▶ _Brief_
Once you find the line with "- 남산서울타워 하늘빛" in the listing below, set down exactly every line from it through the line with "2026年3月高三年级模拟考试 政治答案.docx", but no pictures.

▶ _Supplied material_
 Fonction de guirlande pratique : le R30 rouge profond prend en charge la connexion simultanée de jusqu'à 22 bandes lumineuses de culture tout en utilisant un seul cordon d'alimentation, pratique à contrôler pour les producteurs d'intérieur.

...

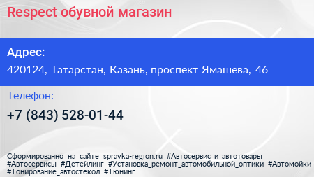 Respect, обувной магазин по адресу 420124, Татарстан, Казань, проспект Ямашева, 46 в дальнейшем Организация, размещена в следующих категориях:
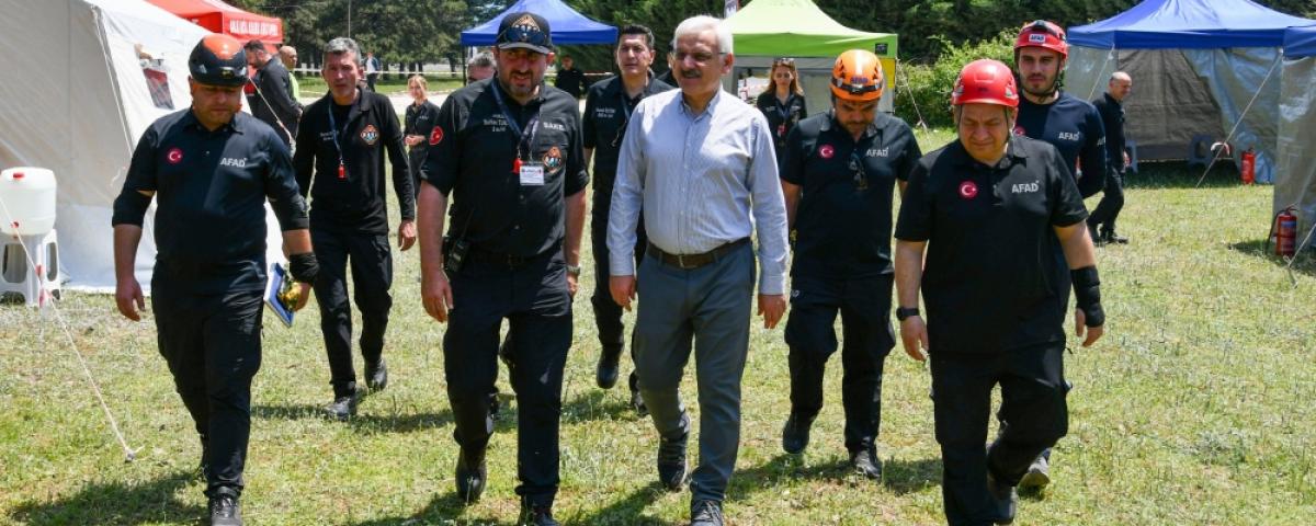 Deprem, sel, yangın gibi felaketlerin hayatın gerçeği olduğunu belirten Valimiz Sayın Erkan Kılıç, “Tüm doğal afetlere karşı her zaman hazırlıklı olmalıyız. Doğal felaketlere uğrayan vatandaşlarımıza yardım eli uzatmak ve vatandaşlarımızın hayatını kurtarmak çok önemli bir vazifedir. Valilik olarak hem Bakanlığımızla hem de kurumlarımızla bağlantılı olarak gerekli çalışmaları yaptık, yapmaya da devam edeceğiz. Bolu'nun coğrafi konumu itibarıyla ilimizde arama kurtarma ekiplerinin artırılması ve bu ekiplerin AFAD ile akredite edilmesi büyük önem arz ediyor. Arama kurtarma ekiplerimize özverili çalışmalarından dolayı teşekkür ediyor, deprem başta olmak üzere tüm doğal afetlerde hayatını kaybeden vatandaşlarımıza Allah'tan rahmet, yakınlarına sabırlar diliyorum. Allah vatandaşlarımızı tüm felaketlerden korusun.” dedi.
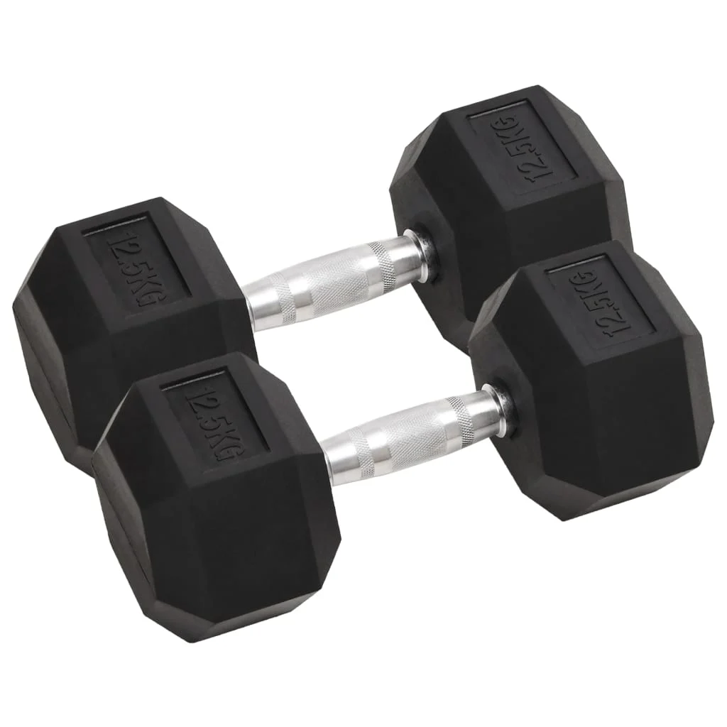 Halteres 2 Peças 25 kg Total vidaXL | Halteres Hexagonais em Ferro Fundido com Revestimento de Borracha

* * *

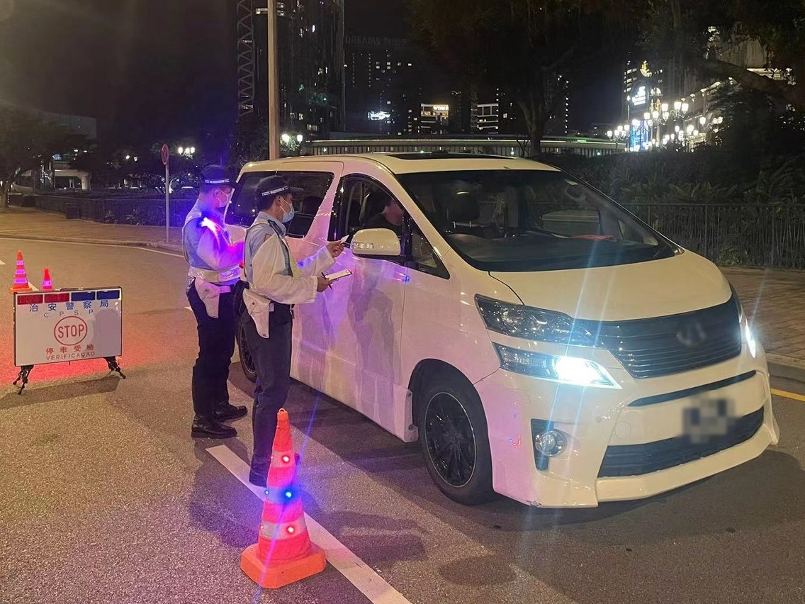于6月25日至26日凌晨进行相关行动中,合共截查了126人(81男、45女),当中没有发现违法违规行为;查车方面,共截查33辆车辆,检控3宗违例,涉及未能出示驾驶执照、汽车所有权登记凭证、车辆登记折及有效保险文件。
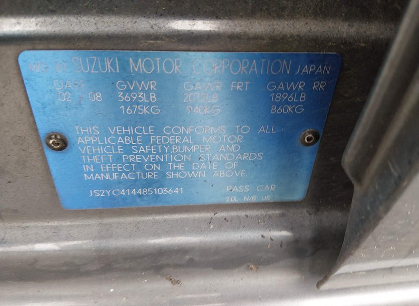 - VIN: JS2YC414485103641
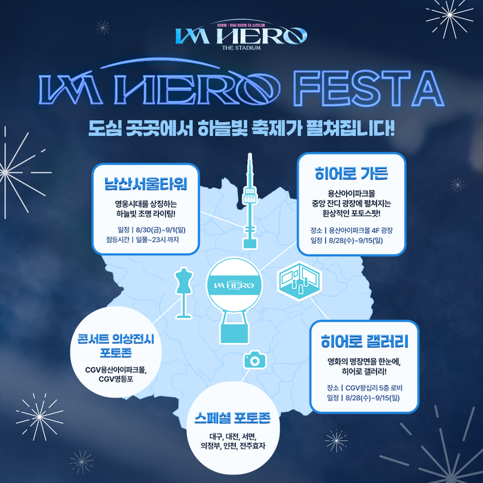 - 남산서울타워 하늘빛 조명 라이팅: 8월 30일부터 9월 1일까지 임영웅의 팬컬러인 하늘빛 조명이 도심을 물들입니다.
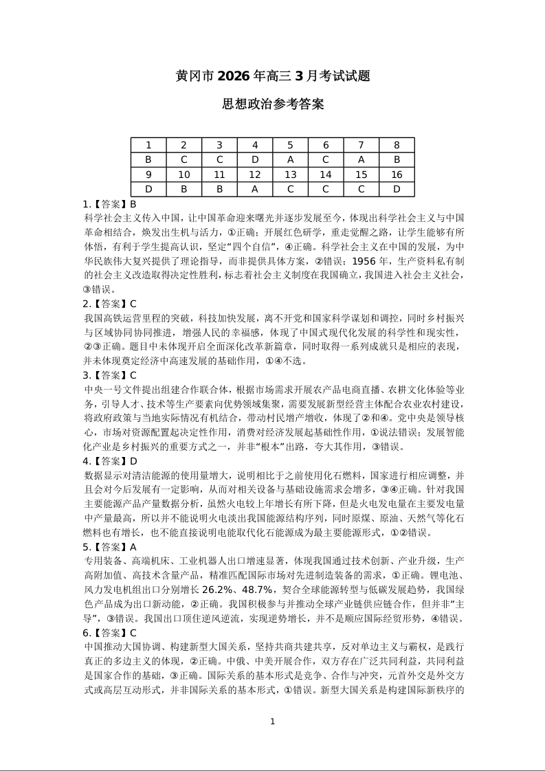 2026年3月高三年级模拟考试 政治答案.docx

▶ _Response to the exercise_
 - 남산서울타워 하늘빛 조명 라이팅: 8월 30일부터 9월 1일까지 임영웅의 팬컬러인 하늘빛 조명이 도심을 물들입니다.
 2026年3月高三年级模拟考试 政治答案.docx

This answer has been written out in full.